Israeli pianist and composer

Amit Golan (עמית גולן; 1964 - 2010) was an Israeli pianist, composer, and jazz educator. Born in Haifa and educated first at the Jerusalem Academy of Music and Dance and then at The New School for Jazz and Contemporary Music in New York, he returned to Israel in the 1990s to teach the style. He was the founder of the Center for Jazz Studies at the Israel Conservatory of Music in Tel Aviv and performed with the Amit Golan Jazz Quintet.

==Life and career==
Golan received his initial music education at The Jerusalem Academy of Music and Dance where he studied classical music and composition. After he finished his classical studies, he went to New York City where he discovered his passion for jazz. He was influenced by Bill Evans's playing, but decided that to understand Evans's technique he had to learn what influenced Evans himself. He then attended The New School for Jazz and Contemporary Music in New York and studied privately with "old school" players like Walter Bishop, Jr., Reggie Workman, Billy Harper, Jim Hall, Kenny Werner, and Barry Harris. He focused his studies on Jazz History, studying with Phil Schaap and Ira Gitler.

When Golan returned to Israel in the 1990s, he thought of working as a film composer. This plan was never accomplished because he immediately received an offer from The Thelma Yellin High School of the Arts to teach the Jazz History course and direct small ensembles. His course program spread over four years, covering the roots of jazz, moving on to Swing, Be Bop, and Hard Bop. While he was teaching at Thelma Yellin, Golan also taught at other schools. In 2001, he formed The Center for Jazz Studies at the Israel Conservatory of Music, Tel Aviv. Soon after, he collaborated with the New School to create a program where students could study for two years at the Conservatory, and finish their degrees in New York. Between 2004 – 2007, he was the music director of many jazz workshops, and he promoted jazz throughout Israel.

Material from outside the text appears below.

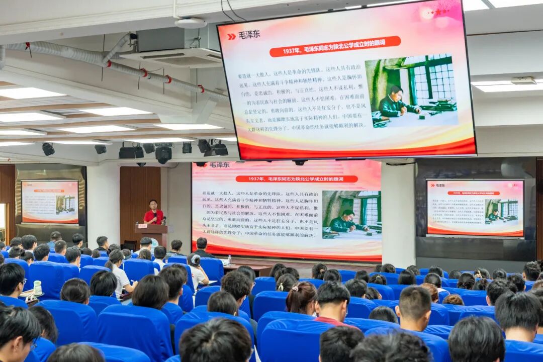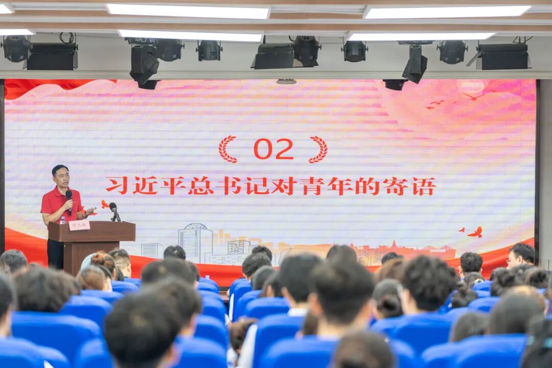 傅志雄在课堂开篇便点明学校“与党同心、同向、同行”的办学底色。他围绕“树理想、强责任、勇奋斗、修品德、练本领”五大维度,带领学子循着历史脉络,重温党和国家领导人对青年的殷切期许——从李大钊“国家不可一日无青年,青年不可一日无觉醒”的呐喊,到毛泽东对“革命先锋队”政治远见与牺牲精神的感召;从周恩来“新生幼苗终将成长为巨人”的寄望,到邓小平“远大理想融于日常工作”的指引,再到江泽民、胡锦涛对青年的嘱托,每一段跨越时空的寄语,都让在场学子深刻感受到“青年成长始终与国家命运同频共振”。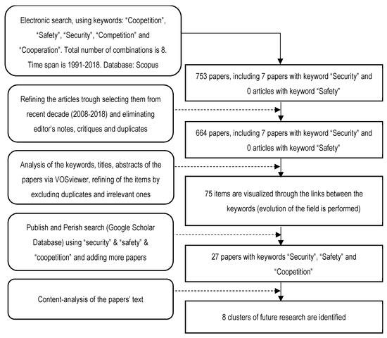 The initial data of search results using “safety” and “security” as the keywords in coopetition-related studies yielded few papers. To refine the number of papers for the presentable sample for further in-depth screening, an advanced search via Publish and Perish (Google Scholar Database) was performed using the keywords “coopetition”, “safety”, “security”. Among the results (around 1000 sources), relevant papers were selected (not books, conference papers or editors’ notes) according to these main criteria: (1) high citation index, (2) abstract, title and keywords must be in accordance with the relevance of the search. The search results ended with data where papers were different in terms of citation (from 812 citations per paper to 0), which can be divided as follows: the first 13 results had more than 100 citations, the second cohort of 15 papers had a citation index more than 50, and so on. After eliminating books, conference papers, editors’ notes and irrelevant studies (by screening the paper), the decision was made to select papers with a citation number ≥40 per paper. As a result, the outcome was 20 papers (the maximum number of citations is 812 and the minimum is 40 citations per paper), which, is twice as many as initial data results from Scopus database. It made possible to compare papers from Google Scholar and Scopus databases in terms of keywords using, research findings and new areas of research that can be considered as perspective for further investigations in the coopetition field. In total, the final sample is 27 papers, and in our opinion, it is helpful to confirm the idea about the link between coopetition, safety, and security aspects.

In 2007, he directed the jazz series "Home" at Beit Avi Chai, Jerusalem, which held eight concerts featuring Israeli jazz musicians playing pieces he composed himself.

Golan died on December 3, 2010, from a cardiac arrest after collapsing during a basketball game with his music students. He was 46.

==Recordings==
In 2007, Golan released his first CD, the hard bop album I Decided! which contained six original pieces by Golan and one cover of a Gershwin jazz standard and featured some of his old students: Asaf Yuria on tenor sax, Gilad Abro on double bass, Doron Tirosh on drums, and a special guest from New York, Joe Magnarelli on trumpet.

His second album, that was already composed, was planned to be recorded in 2011, but his sudden death in 2010 interrupted the plan. His friends decided to produce the album in his memory. Recorded in 2011 and released the following year, Eddie Henderson & Friends: The Music of Amit Golan features Eddie Henderson on trumpet, and eight more Israeli musicians, all friends, some of whom were also his past students.